Raymond Doherty 23 Jan 2019 10:49am

KPMG to lead Patisserie Valerie administration

The troubled café chain Patisserie Valerie has gone into administration after bank talks fail

Big Four firm KPMG will lead the administration, having been hired last week to advise after the business revealed that the accounting irregularities which brought it close to collapse last October were worse than previously thought. More than 3,000 jobs are now at risk. 

In a statement to the stock market today, parent company Patisserie Holdings said that as a “direct result of the significant fraud”, it has been unable to renew its bank facilities “and therefore regrettably the business does not have sufficient funding to meet its liabilities as they fall due”.

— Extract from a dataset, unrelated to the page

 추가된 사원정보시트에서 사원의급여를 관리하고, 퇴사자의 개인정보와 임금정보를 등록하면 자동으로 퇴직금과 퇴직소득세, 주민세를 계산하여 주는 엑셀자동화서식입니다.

KPMG said that 70 of the chain's stores and concessions would close immediately, with up to 900 redundancies. "Our intention is to continue trading across the profitable stores, as collectively the brands have a strong presence on the high street and have proven very popular with consumers,” said Blair Nimmo, joint administrator. “At the same time, we will be seeking a buyer for the business and are hopeful of a good level of interest."

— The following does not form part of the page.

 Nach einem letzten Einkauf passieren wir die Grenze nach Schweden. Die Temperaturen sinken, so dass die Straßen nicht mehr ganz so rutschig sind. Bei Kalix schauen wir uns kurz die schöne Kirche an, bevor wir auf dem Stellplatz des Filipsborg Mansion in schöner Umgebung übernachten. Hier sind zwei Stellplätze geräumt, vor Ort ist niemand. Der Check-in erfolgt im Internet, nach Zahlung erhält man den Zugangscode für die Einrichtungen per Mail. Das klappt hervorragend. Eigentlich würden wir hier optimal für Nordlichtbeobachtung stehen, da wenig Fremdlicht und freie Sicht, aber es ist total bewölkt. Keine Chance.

Following the collapse of the negotiations with HSBC and Barclays, Patisserie Valerie chairman and major shareholder Luke Johnson provided a personal, unsecured and interest-free loan of £3m to help ensure that January's wages were paid to all staff working in what is left of the business. The loan is also intended to help the administrators keep as many profitable stores as possible trading while they are trying to sell the business.

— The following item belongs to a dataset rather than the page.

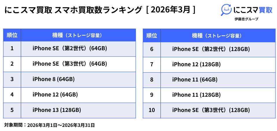 中古スマートフォンの個人向け販売・買取サービス「にこスマ」を運営する株式会社Belong(本社:東京都港区、代表取締役社長:西村 耕一郎 以下、「Belong」)は、「にこスマ」における2026年3月の中古スマホ/機種別販売数・買取数ランキングを発表します。

Patisserie Valerie shocked the market in October 2018 when it announced that it had found “significant and potentially fraudulent” accounting irregularities, was suspending its shares and its CFO, Chris Marsh, and had just discovered that HMRC had issued a winding-up petition against its principal trading subsidiary. 

Two days later, Marsh was arrested and released on bail without charges. Since then Patisserie Holdings uncovered two secret bank overdrafts at HSBC and Barclays which added £9.7m to the debt burden. After chairman Luke Johnson put in £20m of his own money to save the business from going under, he was forced to go cap in hand to Patisserie Holdings’ shareholders to raise an extra £15m.

The Financial Reporting Council is investigating former auditor Grant Thornton’s work at Patisserie Valerie for 2015, 2016 and 2017. RSM was recently appointed to replace GT. 

The Serious Fraud Office has also opened an investigation into Patisserie Valerie.